What you have to do: Set down the data below without change, skipping the pictures it holds.
== Exercise data
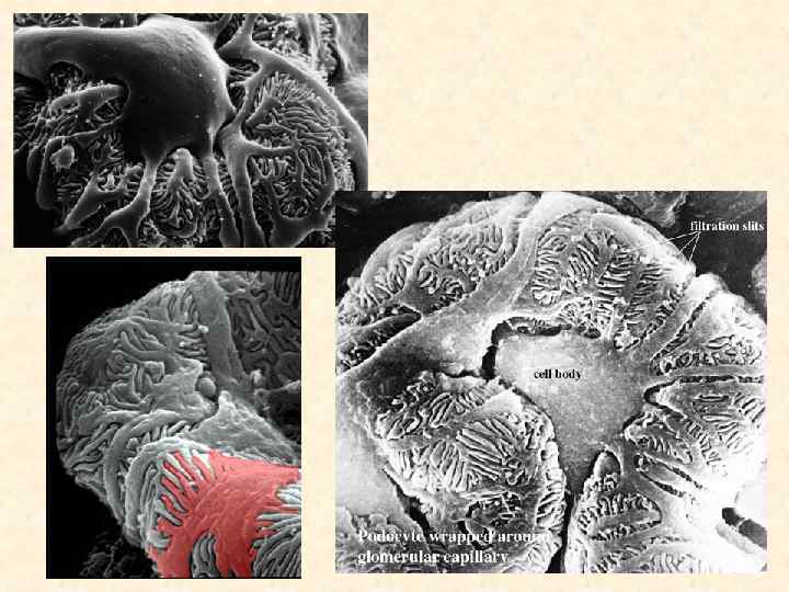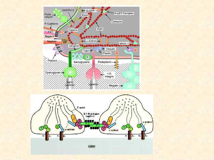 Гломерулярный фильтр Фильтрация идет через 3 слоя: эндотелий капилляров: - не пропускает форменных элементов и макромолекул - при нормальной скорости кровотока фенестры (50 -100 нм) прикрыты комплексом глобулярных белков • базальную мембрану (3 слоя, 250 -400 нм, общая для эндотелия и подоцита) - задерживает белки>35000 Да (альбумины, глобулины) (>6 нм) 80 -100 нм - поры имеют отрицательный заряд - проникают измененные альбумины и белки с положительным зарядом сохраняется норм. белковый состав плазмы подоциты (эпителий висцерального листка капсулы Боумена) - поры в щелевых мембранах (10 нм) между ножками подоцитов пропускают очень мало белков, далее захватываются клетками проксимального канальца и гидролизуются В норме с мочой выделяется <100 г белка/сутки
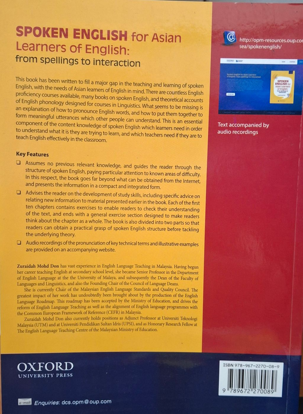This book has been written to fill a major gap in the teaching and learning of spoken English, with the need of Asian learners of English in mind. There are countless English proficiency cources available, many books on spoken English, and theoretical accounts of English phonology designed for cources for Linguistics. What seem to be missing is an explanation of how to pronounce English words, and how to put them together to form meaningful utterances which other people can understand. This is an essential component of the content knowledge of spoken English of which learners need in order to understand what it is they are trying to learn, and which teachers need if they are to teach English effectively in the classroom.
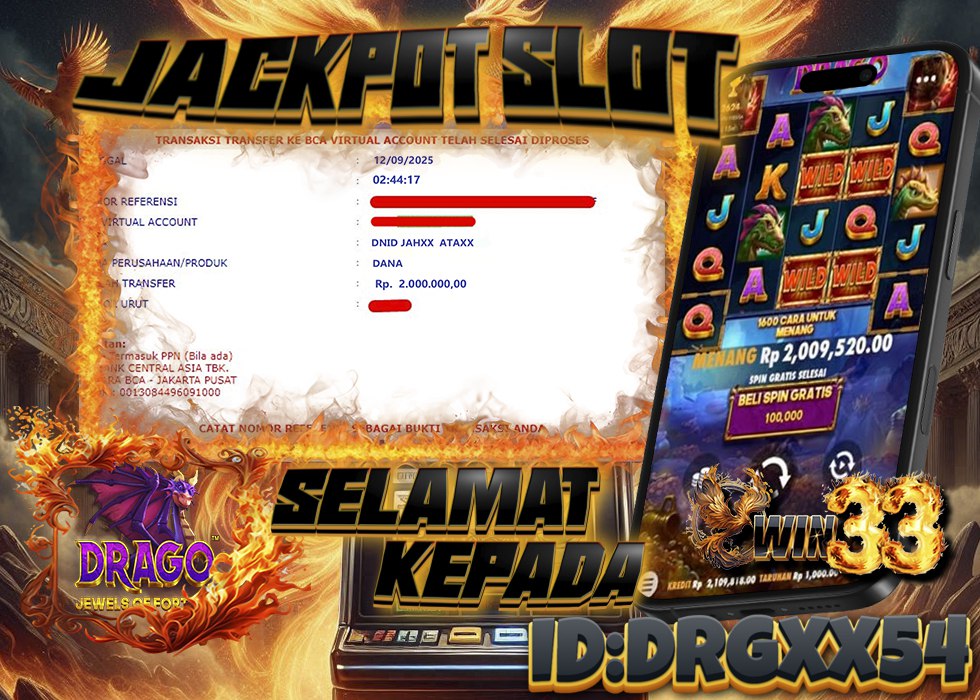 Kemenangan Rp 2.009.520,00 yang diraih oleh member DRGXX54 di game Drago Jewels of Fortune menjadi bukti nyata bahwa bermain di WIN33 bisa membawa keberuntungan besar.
====
Written answer:
 Гломерулярный фильтр Фильтрация идет через 3 слоя: эндотелий капилляров: - не пропускает форменных элементов и макромолекул - при нормальной скорости кровотока фенестры (50 -100 нм) прикрыты комплексом глобулярных белков • базальную мембрану (3 слоя, 250 -400 нм, общая для эндотелия и подоцита) - задерживает белки>35000 Да (альбумины, глобулины) (>6 нм) 80 -100 нм - поры имеют отрицательный заряд - проникают измененные альбумины и белки с положительным зарядом сохраняется норм. белковый состав плазмы подоциты (эпителий висцерального листка капсулы Боумена) - поры в щелевых мембранах (10 нм) между ножками подоцитов пропускают очень мало белков, далее захватываются клетками проксимального канальца и гидролизуются В норме с мочой выделяется <100 г белка/сутки
This book has been written to fill a major gap in the teaching and learning of spoken English, with the need of Asian learners of English in mind. There are countless English proficiency cources available, many books on spoken English, and theoretical accounts of English phonology designed for cources for Linguistics. What seem to be missing is an explanation of how to pronounce English words, and how to put them together to form meaningful utterances which other people can understand. This is an essential component of the content knowledge of spoken English of which learners need in order to understand what it is they are trying to learn, and which teachers need if they are to teach English effectively in the classroom.
 Kemenangan Rp 2.009.520,00 yang diraih oleh member DRGXX54 di game Drago Jewels of Fortune menjadi bukti nyata bahwa bermain di WIN33 bisa membawa keberuntungan besar.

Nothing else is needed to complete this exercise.